Scrapy抓取数据时报错
Traceback (most recent call last):
File "C:\software\Python\Python35\lib\site-packages\twisted\internet\defer.py", line 1386, in _inlineCallbacks
result = g.send(result)
File "C:\software\Python\Python35\lib\site-packages\scrapy\core\downloader\middleware.py", line 43, in process_request
defer.returnValue((yield download_func(request=request,spider=spider)))
File "C:\software\Python\Python35\lib\site-packages\twisted\internet\defer.py", line 1363, in returnValue
raise _DefGen_Return(val)
twisted.internet.defer._DefGen_Return: <200 http://ios.jobbole.com/all-posts/page/2/>
During handling of the above exception, another exception occurred:
Traceback (most recent call last):
File "C:\software\Python\Python35\lib\site-packages\scrapy\utils\defer.py", line 45, in mustbe_deferred
result = f(*args, **kw)
File "C:\software\Python\Python35\lib\site-packages\scrapy\core\spidermw.py", line 49, in process_spider_input
return scrape_func(response, request, spider)

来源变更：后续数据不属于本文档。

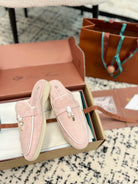 Loro Piana Light Pink White Suede Charms Walk Flat Mules
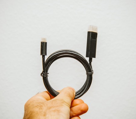 Hand holding Mini DisplayPort and DisplayPort cables with main focus to the cable connections - tilt-shift lens used
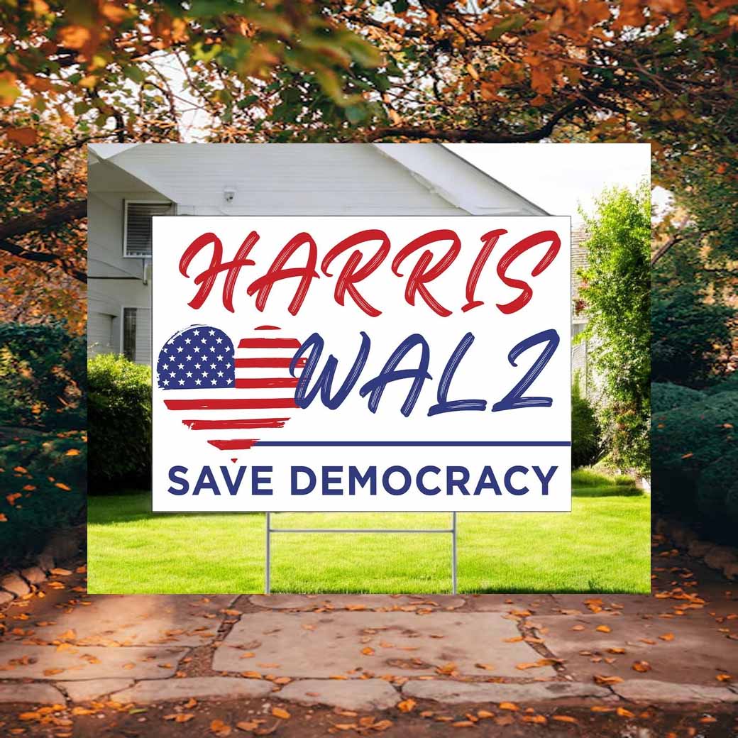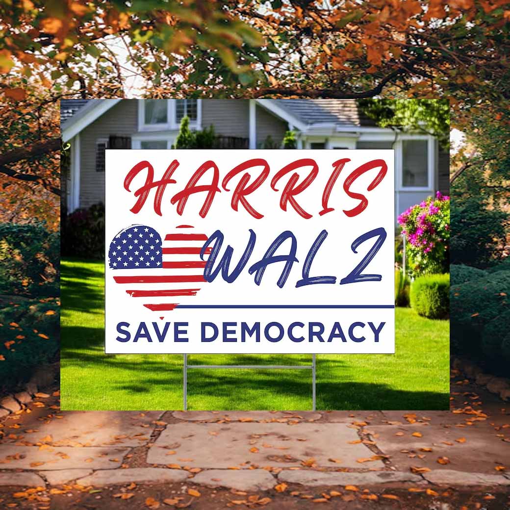 Join the movement to save democracy. Order your Harris Walz Save Democracy Yard Sign today and make your voice count!
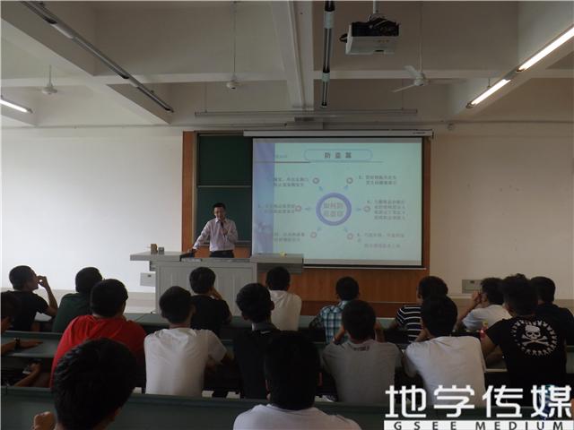 整场讲座内容主要分为防范意识和学习生活两部分。其中,防范意识又细分为防盗、防骗、防火、防震、防人身伤害等几个部分,每个部分都展示精确可靠的数据分析和生动详细的案例,以及大家在日常生活应该怎样预防等。小到出门一定要锁门,同学之间的情绪小矛盾的处理,大到外人入室行窃,南门外的交通安全,几乎是涉及到生活中的每个细节。讲到防骗的应对时,傅老师甚至讲出了自己当年大二的一次受骗事件,从中分析出值得吸取的经验和教训,希望能以自己的实例更好地告诫大家。贴近生活而又特别值得注意的防范意识傅老师都跟大家讲解得十分到位。
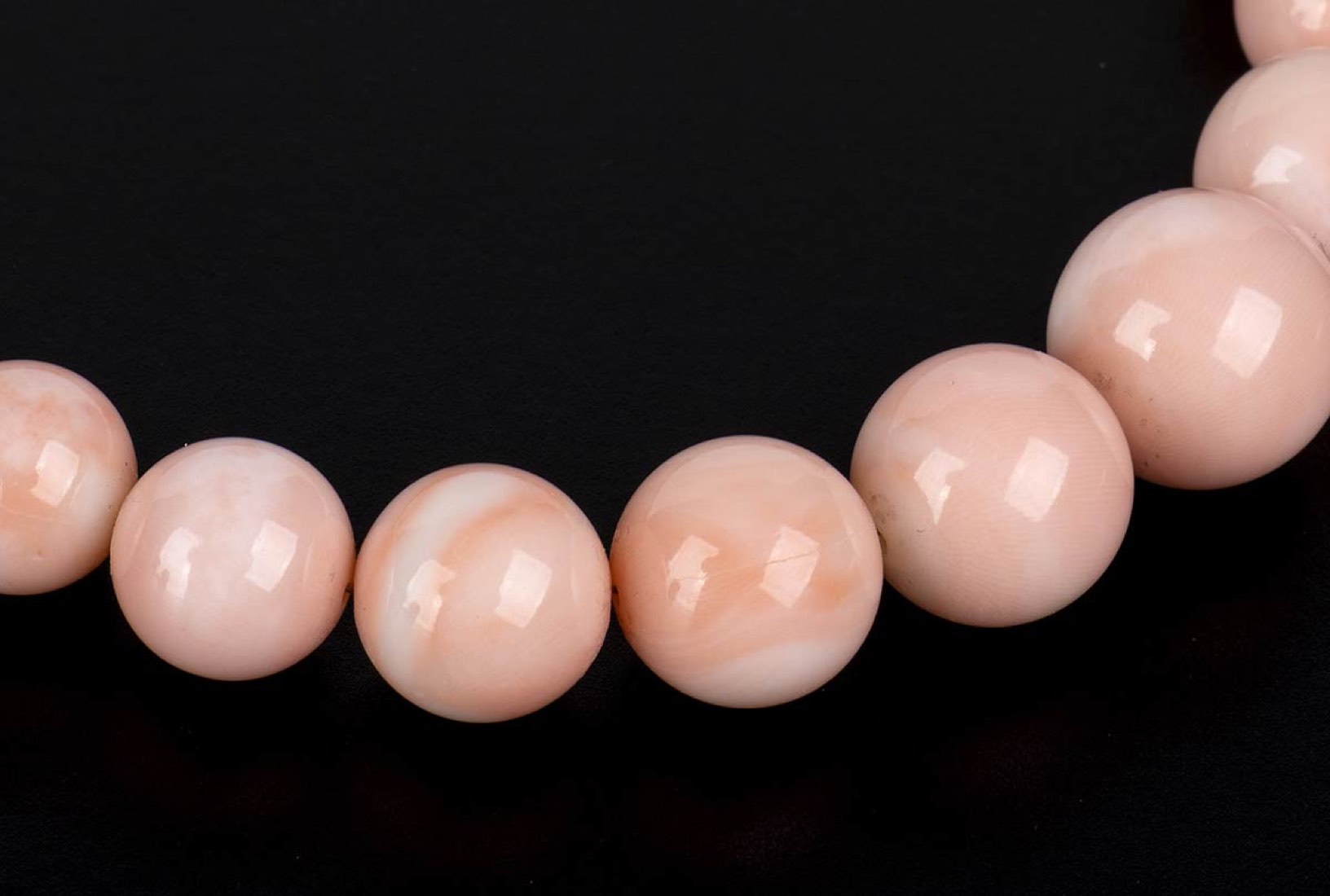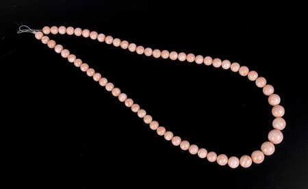 sfere di corallo rosa (corallium secundum) disposte in gradazione. Diametri 13,4-12,4-8,7-8 mm. Lunghezza 58 cm. Peso totale 73,5 gr. Stato di conservazione: ***** eccellente.
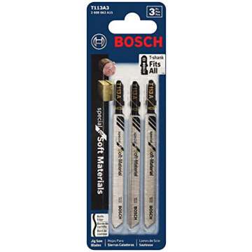 BOSCH T113A3 3-Pack 4 In. Knife Edge T-Shank Jig Saw Blades Ideal for Applications in Soft Materials, Cardboard, Leather, Carpeting, Polystyrene
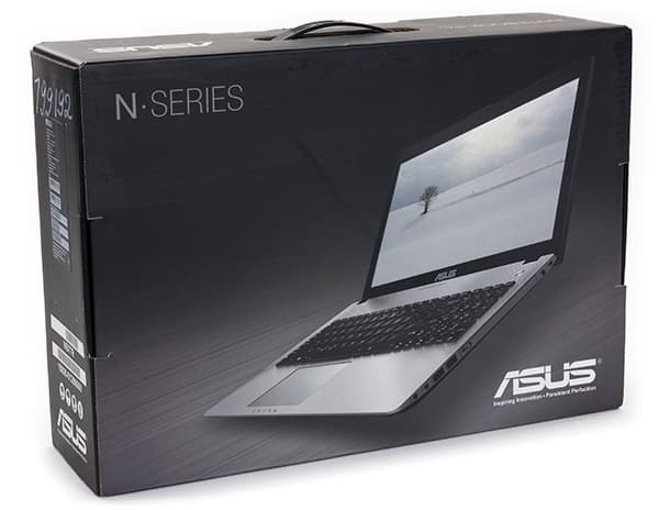 Ноутбук Asus Asus N56JR поставляется в довольно компактной по размерам коробке с ручкой, которая оформлена в традиционном для ноутбуков Asus N-серии стиле.
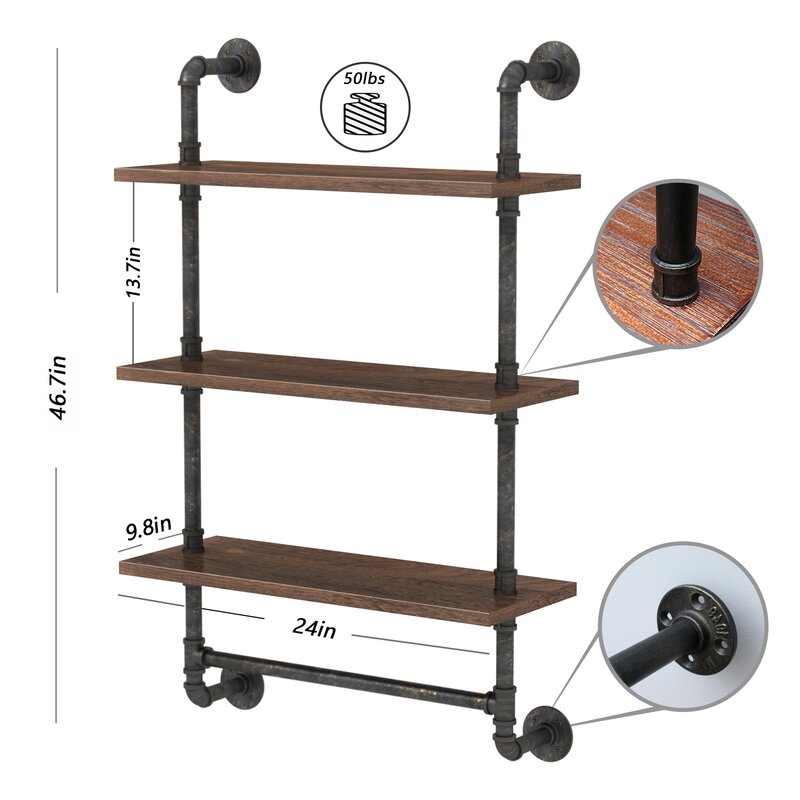 Love the industrial look? Make it work with pipe shelving. Finished in matte black, with a functional towel bar, it not only saves space but brings a sense of elegance to your bathroom or laundry room. An open wall shelf with on-trend factory style, who will say no?
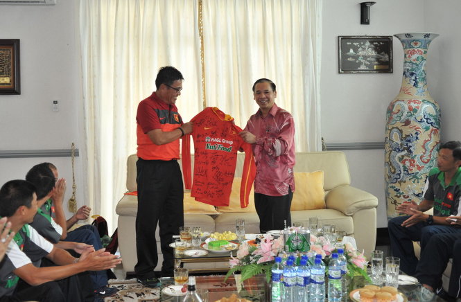| Trưởng đoàn Dương Vũ Lâm tặng áo thi đấu có chữ kí của đội tuyển U-19 VN cho Đại sứ Nguyễn Trường Giang. Ảnh: N.K |
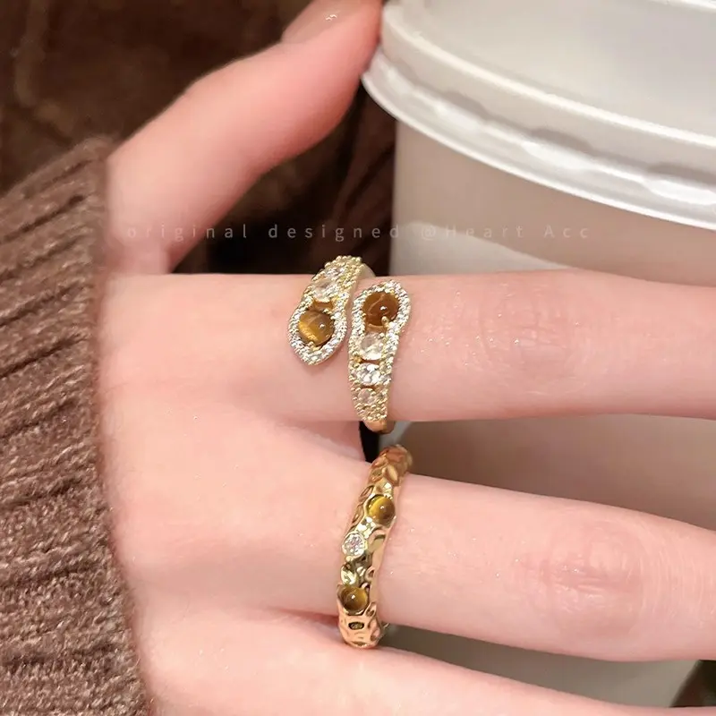 The Maillard snake-shaped tiger's eye open ring is a unique design for women, a retro index finger ring with a sense of high-end luxury
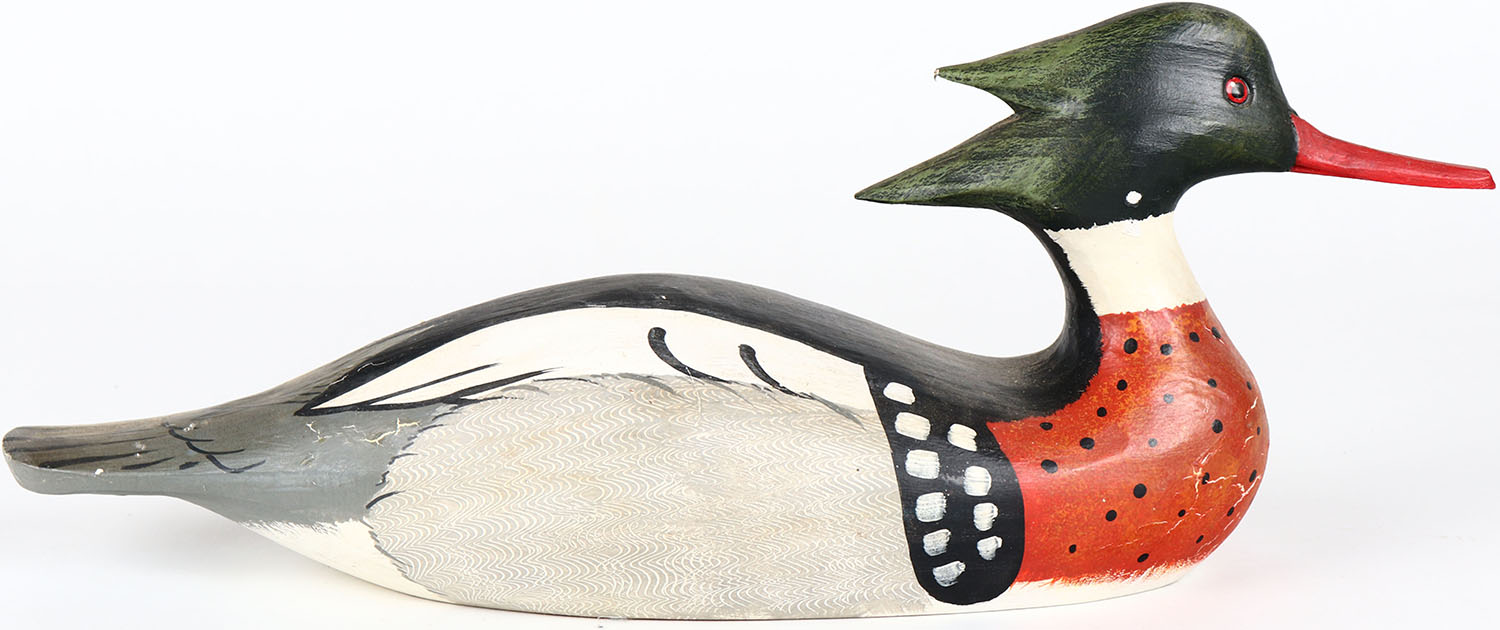 Red Breasted Merganser by John A. Nelson, glass eyes, structurally excellent, solid wood, signed on bottom, original paint with comb painting. Grade: MINT - Value: 30 to 60
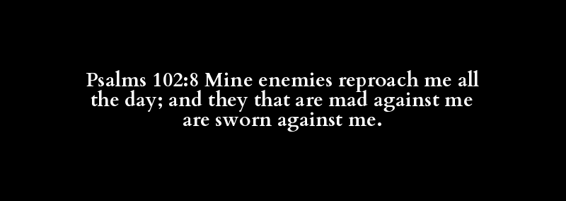 Psalms 102:8 Mine enemies reproach me all the day; and they that are mad against me are sworn against me.
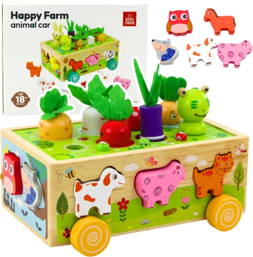 Otkrijte učenje kroz igru s drvenom igračkom Farma na kotačićima koja spaja sortir za oblike, zvonce, magnetne crviće i figurice životinja. Potpomaže finu motoriku, logičko razmišljanje, slušnu percepciju i koordinaciju pokreta – sve u duhu Montessori učenja i radosne igre.
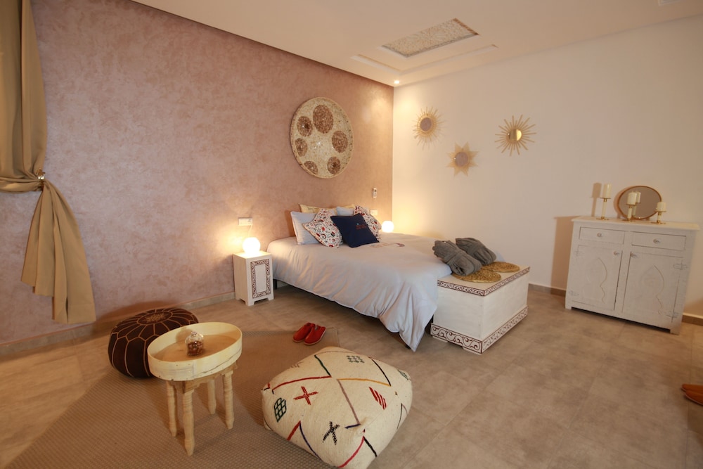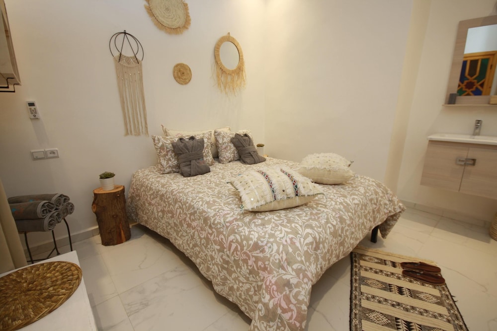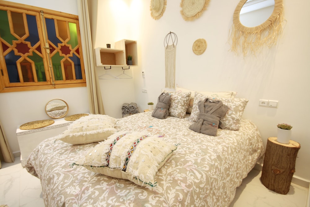 Med et ophold ved Miel et Une Nuit har du en central base i Marrakech, kun 5 minutters kørsel fra Djema al-Fna og Avenue Mohamed VI. Dette gæstehus ligger 4,7 km fra Majorelle Have og 3,6 km fra Marrakech Plaza. Føl dig hjemme i et af de 5 værelser, der er indrettet med individuelt design. Med gratis Wi-Fi kan du altid komme på nettet. Værelset har et privat badeværelse med bruser samt brusehoved med spredningseffekt og hårtørrer. Faciliteter inkluderer pengeskabe og skriveborde, samt telefoner med gratis lokalopkald. De viste afstande er afrundet til nærmeste 0,1 kilometer.
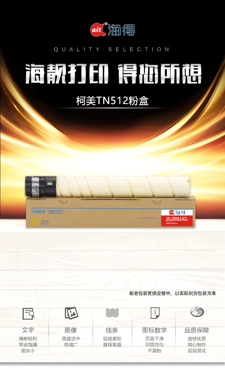 海得(ait) TF-TN512Y 适用机型:柯尼卡美能达bizhub c454 c554 复印机 打印量:25000页 粉盒 1.00 只/支 (计价单位:支) 黄色

File "C:\software\Python\Python35\lib\site-packages\scrapy\core\scraper.py", line 146, in call_spider
dfd.addCallbacks(request.callback or spider.parse, request.errback)
File "C:\software\Python\Python35\lib\site-packages\twisted\internet\defer.py", line 303, in addCallbacks
assert callable(callback)
AssertionError
思考后,根据assert callable(callback)猜测是调用回调函数时发生了错误。检查源代码
def parse(self, response):
selector = Selector(response)
# 获取文章的链接
article_urls = selector.xpath('//a[@class="archive-title"]/@href').extract()
for article_url in article_urls:
yield Request(url=article_url, callback=self.parse_content)
# 调用下一页的链接
next_page_url = selector.xpath('//a[contains(@class, "next")]/@href').extract()
if next_page_url:
yield Request(url=next_page_url[0], callback="parse")#self.parse
else:
print("已经是最后一页了...........")
由于后面一个函数没有发挥作用,猜测这就是问题所在。所以将
callback="parse"改为callback=self.parse后,问题解决